_EXERCISE DIRECTIONS_
All lines below between the line with "Кольцо из лимонного золота" and the line with "Installée près de", including both, must be copied exactly, and the pictures must be omitted.

═══ MATERIAL SUPPLIED ═══

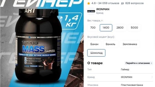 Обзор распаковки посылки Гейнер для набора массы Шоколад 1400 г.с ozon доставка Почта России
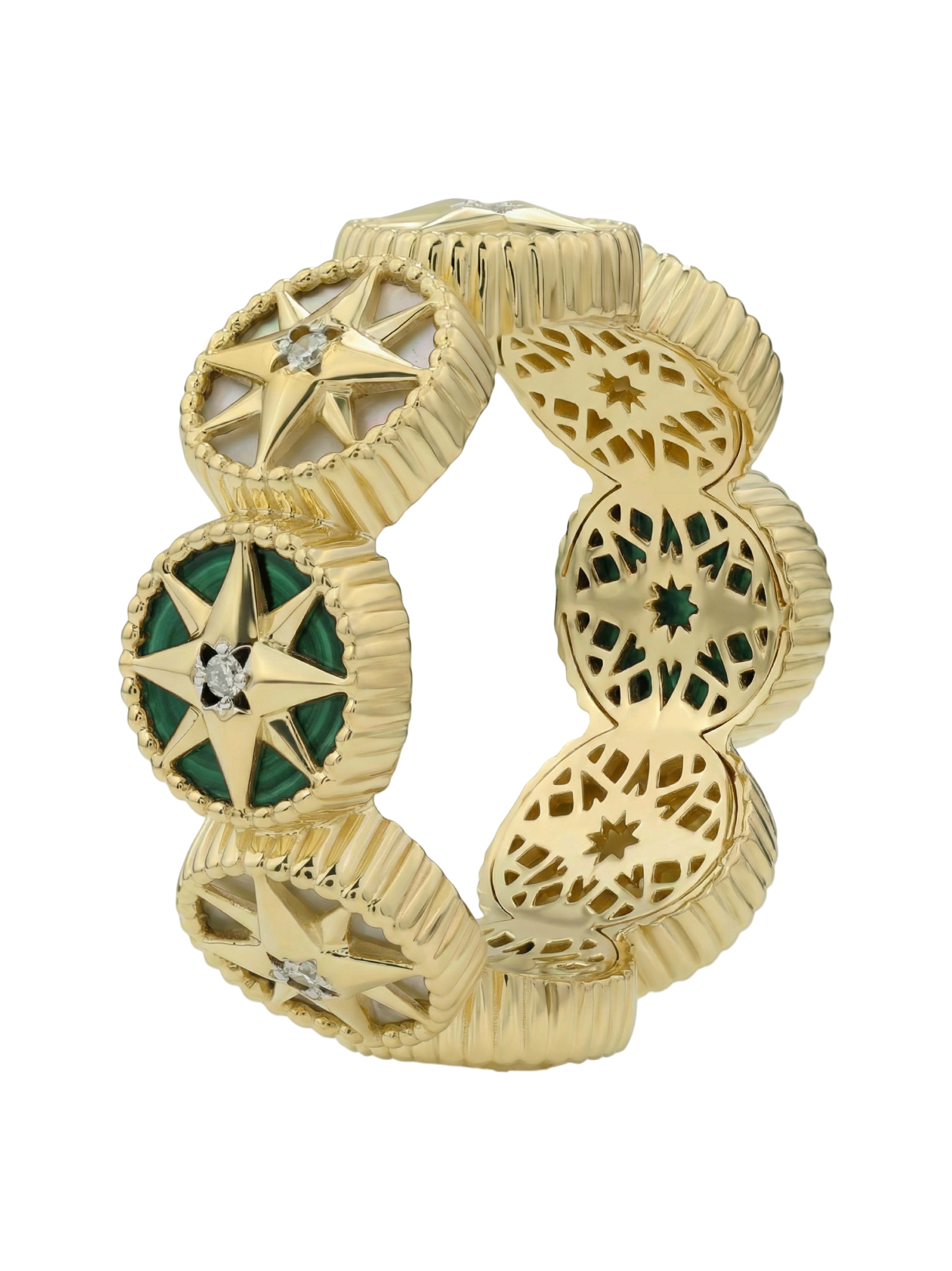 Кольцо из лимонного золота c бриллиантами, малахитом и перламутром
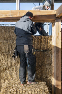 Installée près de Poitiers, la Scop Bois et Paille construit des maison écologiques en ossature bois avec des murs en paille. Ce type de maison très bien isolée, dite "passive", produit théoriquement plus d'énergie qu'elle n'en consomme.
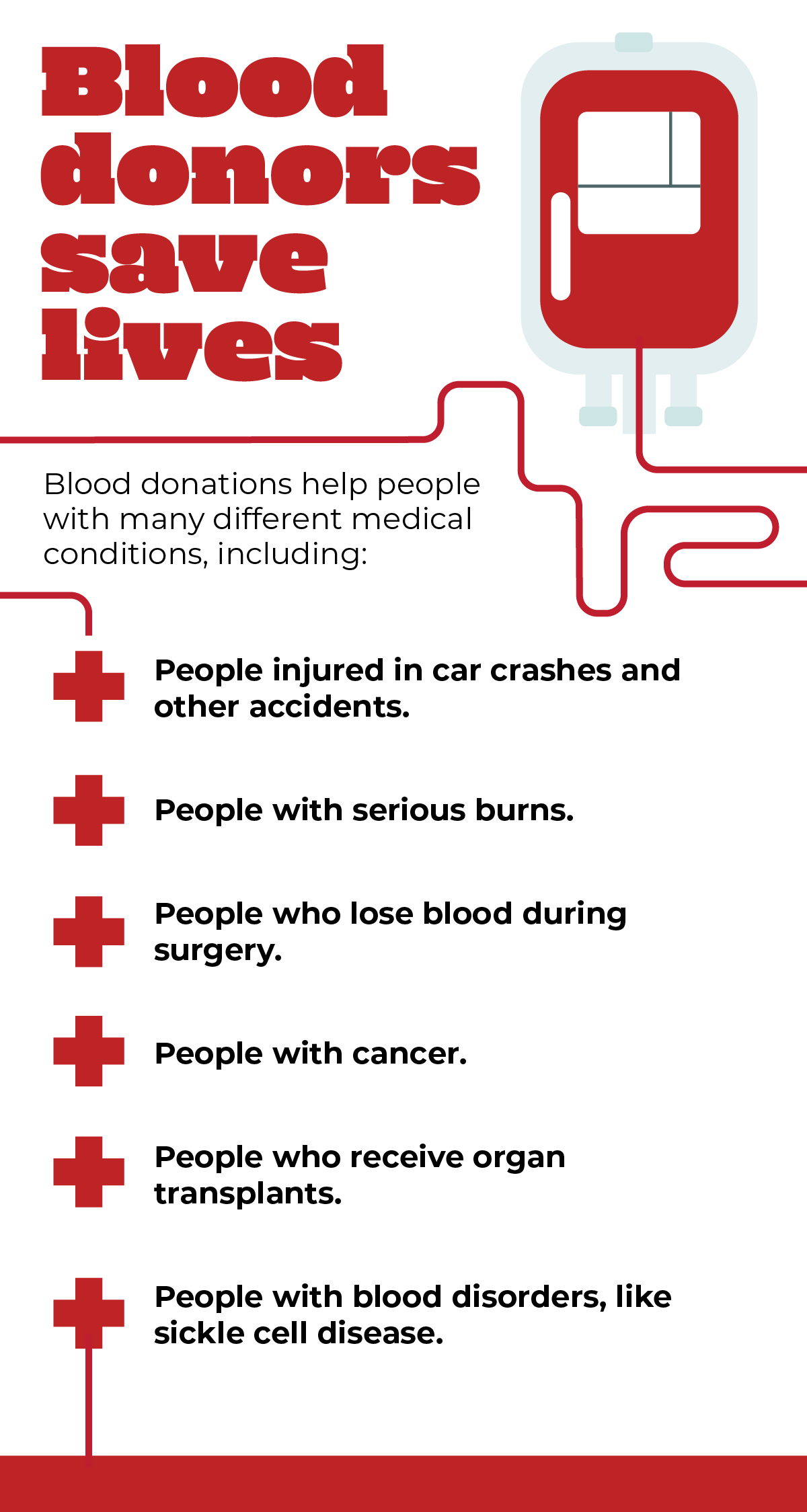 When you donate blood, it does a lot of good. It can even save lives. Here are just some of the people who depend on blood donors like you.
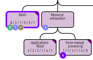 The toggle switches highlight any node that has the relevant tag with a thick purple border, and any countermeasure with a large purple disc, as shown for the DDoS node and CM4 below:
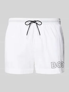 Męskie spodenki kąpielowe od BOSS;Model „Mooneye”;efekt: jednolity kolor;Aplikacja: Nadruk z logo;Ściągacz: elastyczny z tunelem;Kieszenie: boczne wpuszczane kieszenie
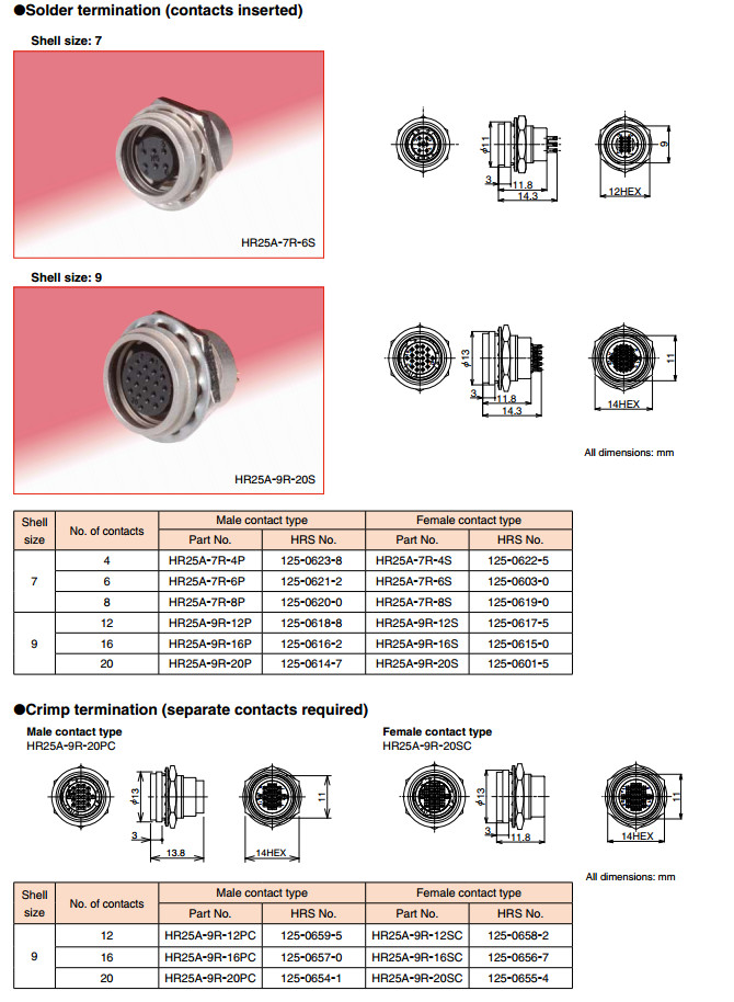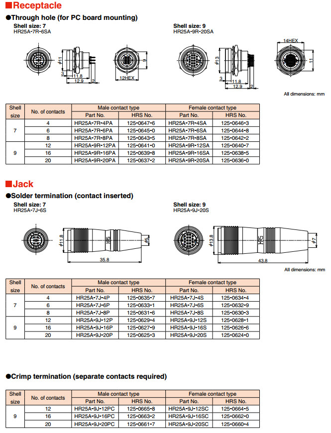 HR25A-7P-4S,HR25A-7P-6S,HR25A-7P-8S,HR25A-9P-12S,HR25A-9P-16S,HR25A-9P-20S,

═══

_TASK OUTPUT_
 Кольцо из лимонного золота c бриллиантами, малахитом и перламутром
 Installée près de Poitiers, la Scop Bois et Paille construit des maison écologiques en ossature bois avec des murs en paille. Ce type de maison très bien isolée, dite "passive", produit théoriquement plus d'énergie qu'elle n'en consomme.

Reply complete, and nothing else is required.